The idea of recording the group came from Xander Nielsen, the 14-year-old son of Leonardo's program director, Tracy Nielsen. "It's just an incredible world for Xander to have been able to have stepped into," his mother said, "because they're an incredible group of people, and they're so ensconced in their music."

Xander has been fiddling since he was 9. "It's just so pretty," he said, his voice softening in reverence to the power and tradition of Swedish fiddle music. "There's lots more to it than the music, actually. It's just playing it, and being there."

More so than many other types of roots music, Swedish fiddling is robust and fragile, hypnotic and haunting. The deeply layered waltzes and polkas are steeped in ancient roots, dark loves and dramatic lives, all played with a wind-instrument-like delicacy that conjures the stuff of Narnia, Nottingham and other worlds. It is, in a word, transporting.

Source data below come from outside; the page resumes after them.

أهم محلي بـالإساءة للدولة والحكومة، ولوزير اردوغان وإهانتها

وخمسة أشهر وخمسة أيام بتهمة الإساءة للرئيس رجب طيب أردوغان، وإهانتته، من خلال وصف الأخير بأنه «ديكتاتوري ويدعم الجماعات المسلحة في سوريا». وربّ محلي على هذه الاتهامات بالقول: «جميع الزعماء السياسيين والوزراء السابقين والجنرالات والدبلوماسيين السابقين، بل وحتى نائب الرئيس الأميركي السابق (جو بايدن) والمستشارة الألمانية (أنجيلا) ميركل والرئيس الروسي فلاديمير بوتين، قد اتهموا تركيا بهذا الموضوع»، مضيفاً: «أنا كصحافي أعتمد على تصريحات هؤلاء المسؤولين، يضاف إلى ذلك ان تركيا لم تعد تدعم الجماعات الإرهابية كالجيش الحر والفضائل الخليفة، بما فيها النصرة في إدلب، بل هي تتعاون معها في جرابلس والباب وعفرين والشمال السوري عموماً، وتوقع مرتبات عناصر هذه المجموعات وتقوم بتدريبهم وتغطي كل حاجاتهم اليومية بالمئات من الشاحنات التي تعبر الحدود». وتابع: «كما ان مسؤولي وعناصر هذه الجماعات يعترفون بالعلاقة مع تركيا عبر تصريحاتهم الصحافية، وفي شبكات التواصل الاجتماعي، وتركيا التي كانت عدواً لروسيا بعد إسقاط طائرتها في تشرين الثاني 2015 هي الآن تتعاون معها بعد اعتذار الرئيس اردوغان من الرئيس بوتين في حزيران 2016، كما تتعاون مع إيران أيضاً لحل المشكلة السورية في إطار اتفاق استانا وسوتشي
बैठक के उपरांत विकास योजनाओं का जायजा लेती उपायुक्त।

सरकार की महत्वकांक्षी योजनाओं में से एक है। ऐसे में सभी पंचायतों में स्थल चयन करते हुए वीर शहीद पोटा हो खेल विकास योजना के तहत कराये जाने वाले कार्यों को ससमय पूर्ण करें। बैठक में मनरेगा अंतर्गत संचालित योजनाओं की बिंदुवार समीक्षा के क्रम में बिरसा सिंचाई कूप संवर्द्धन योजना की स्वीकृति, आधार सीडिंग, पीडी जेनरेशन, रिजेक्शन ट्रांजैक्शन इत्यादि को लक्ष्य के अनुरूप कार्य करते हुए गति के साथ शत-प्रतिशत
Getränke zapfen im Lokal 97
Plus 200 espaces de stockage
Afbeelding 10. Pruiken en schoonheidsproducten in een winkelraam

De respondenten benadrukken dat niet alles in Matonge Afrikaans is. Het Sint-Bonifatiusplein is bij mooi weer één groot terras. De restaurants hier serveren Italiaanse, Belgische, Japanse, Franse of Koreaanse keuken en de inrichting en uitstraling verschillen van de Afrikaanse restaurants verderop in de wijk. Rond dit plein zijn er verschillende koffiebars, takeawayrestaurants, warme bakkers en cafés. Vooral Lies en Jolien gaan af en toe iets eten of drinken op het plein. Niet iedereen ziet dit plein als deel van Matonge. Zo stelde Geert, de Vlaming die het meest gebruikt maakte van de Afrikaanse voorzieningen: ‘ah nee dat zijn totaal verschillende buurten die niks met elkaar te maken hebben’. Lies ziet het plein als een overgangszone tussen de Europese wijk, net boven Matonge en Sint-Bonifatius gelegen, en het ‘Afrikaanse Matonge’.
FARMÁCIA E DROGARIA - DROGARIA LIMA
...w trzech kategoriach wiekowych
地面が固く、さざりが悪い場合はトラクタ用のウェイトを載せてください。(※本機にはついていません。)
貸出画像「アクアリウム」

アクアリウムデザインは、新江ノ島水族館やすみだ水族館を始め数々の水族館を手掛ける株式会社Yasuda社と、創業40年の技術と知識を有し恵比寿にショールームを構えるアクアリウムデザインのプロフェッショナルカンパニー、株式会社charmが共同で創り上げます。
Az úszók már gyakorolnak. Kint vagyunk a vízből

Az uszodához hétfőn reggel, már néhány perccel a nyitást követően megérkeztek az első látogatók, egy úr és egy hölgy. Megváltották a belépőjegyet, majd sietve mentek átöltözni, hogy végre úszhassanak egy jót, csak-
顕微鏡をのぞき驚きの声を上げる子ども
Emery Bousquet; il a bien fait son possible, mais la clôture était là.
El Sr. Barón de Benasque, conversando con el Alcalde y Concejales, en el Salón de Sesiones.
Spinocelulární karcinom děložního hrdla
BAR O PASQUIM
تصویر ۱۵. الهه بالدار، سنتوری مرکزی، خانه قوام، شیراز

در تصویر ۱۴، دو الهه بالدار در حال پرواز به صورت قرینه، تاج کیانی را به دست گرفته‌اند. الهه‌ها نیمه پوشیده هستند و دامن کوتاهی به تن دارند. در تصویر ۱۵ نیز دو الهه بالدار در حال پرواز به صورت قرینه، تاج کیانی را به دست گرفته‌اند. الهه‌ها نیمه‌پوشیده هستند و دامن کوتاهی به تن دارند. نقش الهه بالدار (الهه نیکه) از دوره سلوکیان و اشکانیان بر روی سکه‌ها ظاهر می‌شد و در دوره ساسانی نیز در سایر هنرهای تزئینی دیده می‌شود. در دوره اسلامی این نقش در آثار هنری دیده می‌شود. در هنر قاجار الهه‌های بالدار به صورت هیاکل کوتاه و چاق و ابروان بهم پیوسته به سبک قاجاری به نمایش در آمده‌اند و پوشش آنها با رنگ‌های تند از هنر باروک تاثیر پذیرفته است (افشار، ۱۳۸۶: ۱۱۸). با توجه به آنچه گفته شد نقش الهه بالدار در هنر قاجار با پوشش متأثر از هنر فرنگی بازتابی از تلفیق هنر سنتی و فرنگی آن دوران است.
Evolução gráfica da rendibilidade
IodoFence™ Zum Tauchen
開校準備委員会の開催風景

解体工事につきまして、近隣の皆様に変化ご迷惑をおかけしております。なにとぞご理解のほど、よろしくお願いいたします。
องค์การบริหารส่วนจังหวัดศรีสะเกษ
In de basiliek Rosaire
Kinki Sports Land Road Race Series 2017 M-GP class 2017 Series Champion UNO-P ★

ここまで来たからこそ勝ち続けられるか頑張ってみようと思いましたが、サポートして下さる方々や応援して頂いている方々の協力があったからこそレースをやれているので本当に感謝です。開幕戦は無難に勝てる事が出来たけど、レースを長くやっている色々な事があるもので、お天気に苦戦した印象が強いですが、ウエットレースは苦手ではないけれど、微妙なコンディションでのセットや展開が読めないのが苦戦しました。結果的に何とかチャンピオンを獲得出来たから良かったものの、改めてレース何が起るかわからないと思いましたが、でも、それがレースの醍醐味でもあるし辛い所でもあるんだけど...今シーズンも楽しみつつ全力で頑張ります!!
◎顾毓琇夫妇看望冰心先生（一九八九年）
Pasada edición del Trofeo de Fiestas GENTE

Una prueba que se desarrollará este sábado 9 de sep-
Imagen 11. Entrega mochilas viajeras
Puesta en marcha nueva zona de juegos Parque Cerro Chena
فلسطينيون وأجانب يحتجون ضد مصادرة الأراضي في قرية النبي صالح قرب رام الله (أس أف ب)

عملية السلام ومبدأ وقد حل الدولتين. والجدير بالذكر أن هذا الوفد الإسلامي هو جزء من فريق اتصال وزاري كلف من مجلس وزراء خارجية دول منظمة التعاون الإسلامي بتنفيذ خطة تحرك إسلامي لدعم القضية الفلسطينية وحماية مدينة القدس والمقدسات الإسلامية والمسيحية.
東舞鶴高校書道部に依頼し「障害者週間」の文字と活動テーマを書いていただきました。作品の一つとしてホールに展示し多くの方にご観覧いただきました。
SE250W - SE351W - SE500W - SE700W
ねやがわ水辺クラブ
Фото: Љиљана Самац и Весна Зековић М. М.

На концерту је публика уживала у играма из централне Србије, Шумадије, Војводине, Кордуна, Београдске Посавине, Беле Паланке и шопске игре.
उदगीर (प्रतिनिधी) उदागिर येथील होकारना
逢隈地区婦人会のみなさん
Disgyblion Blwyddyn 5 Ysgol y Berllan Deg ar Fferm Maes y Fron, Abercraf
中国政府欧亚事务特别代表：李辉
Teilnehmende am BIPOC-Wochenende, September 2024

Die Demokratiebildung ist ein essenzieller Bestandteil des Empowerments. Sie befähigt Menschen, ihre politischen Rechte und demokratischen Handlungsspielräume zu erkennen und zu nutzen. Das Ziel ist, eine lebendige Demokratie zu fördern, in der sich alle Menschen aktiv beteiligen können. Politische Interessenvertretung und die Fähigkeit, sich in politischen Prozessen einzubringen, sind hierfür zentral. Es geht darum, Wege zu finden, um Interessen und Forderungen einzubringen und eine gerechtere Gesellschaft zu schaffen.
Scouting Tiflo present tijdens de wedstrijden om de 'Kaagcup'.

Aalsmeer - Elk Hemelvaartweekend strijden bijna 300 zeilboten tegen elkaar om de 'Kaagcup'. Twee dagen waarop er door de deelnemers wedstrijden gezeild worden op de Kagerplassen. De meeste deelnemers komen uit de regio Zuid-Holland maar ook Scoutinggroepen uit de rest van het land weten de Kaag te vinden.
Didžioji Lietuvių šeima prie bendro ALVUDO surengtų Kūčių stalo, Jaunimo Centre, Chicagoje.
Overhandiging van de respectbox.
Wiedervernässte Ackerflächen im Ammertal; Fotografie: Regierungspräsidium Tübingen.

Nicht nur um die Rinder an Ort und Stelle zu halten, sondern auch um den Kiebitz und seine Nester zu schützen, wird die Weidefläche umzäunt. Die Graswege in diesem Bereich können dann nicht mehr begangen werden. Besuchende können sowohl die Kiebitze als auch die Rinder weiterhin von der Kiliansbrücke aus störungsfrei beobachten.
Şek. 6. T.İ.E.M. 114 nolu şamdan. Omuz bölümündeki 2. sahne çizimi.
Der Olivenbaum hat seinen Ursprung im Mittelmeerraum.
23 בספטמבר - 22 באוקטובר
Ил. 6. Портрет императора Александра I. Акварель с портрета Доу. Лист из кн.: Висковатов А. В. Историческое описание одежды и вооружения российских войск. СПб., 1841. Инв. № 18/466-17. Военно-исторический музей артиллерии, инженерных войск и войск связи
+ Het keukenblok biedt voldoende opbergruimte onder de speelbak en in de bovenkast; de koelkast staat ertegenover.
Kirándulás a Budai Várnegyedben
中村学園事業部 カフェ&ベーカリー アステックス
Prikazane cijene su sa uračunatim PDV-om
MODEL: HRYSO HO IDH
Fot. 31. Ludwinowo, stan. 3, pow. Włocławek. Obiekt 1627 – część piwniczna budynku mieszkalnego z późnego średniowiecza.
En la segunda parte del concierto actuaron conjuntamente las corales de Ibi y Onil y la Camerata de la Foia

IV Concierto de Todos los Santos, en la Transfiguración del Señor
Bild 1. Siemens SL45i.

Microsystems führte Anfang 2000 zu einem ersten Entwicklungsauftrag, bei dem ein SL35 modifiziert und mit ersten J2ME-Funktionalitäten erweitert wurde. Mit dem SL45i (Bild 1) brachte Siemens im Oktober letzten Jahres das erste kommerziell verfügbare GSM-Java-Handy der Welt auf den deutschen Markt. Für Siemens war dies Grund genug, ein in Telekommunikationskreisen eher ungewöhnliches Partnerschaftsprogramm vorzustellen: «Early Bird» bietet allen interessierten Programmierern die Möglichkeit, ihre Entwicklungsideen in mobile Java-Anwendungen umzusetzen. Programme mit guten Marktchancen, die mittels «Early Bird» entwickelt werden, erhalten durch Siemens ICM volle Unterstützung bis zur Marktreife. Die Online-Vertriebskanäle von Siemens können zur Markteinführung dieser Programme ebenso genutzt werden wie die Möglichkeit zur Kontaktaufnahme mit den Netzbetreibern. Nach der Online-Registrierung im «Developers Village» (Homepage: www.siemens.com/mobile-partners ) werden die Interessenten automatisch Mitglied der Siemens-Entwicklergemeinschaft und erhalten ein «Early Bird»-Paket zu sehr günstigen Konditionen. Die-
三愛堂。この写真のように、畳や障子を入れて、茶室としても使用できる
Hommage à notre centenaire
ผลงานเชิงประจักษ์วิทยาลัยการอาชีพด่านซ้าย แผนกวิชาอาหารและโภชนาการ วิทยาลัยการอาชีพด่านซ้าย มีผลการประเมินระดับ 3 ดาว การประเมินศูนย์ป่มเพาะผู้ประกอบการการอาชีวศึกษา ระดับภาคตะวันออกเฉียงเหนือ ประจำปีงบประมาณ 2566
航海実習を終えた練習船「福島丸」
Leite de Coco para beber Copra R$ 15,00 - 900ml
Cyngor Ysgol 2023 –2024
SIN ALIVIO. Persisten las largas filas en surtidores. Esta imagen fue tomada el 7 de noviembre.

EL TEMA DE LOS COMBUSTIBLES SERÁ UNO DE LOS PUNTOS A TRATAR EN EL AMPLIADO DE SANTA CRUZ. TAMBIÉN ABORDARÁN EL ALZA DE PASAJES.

"I think it's reflecting the nature and landscape of our area," said Tornqvist. "We have a big lake, Lake Siljan, and around it is this mountain or hills. So it's really blue and then it's really green. It's really beautiful. So I think that when most of the tunes are written, they are sitting on a bench and looking at the nature. You can hear the feelings in the songs."

The tunes the fiddlers chose for their CD are, according to Tornqvist, "one year or 400 years old." And according to the group's director, teacher and spiritual leader, Margaretha Mattson, they might have more in common with the more boisterous Irish fiddle music than folks attending Irish Fair might think.

"You can dance to this music," said Mattson, who has "taught many, many students for many, many years" in Sweden. "It's a traditional music, and our grandparents grew up listening to this music and of course learned the tunes by heart.

"We have been to Ireland and played with Irish musicians, and that is why we have grown so close to them: happy music. Yeah. Now the [young fiddlers] have the music and they can make friends all over the world. It makes life so easy. If you can be friends with the music, you can't shoot people. It's peace and love. Yeah. Peace and love."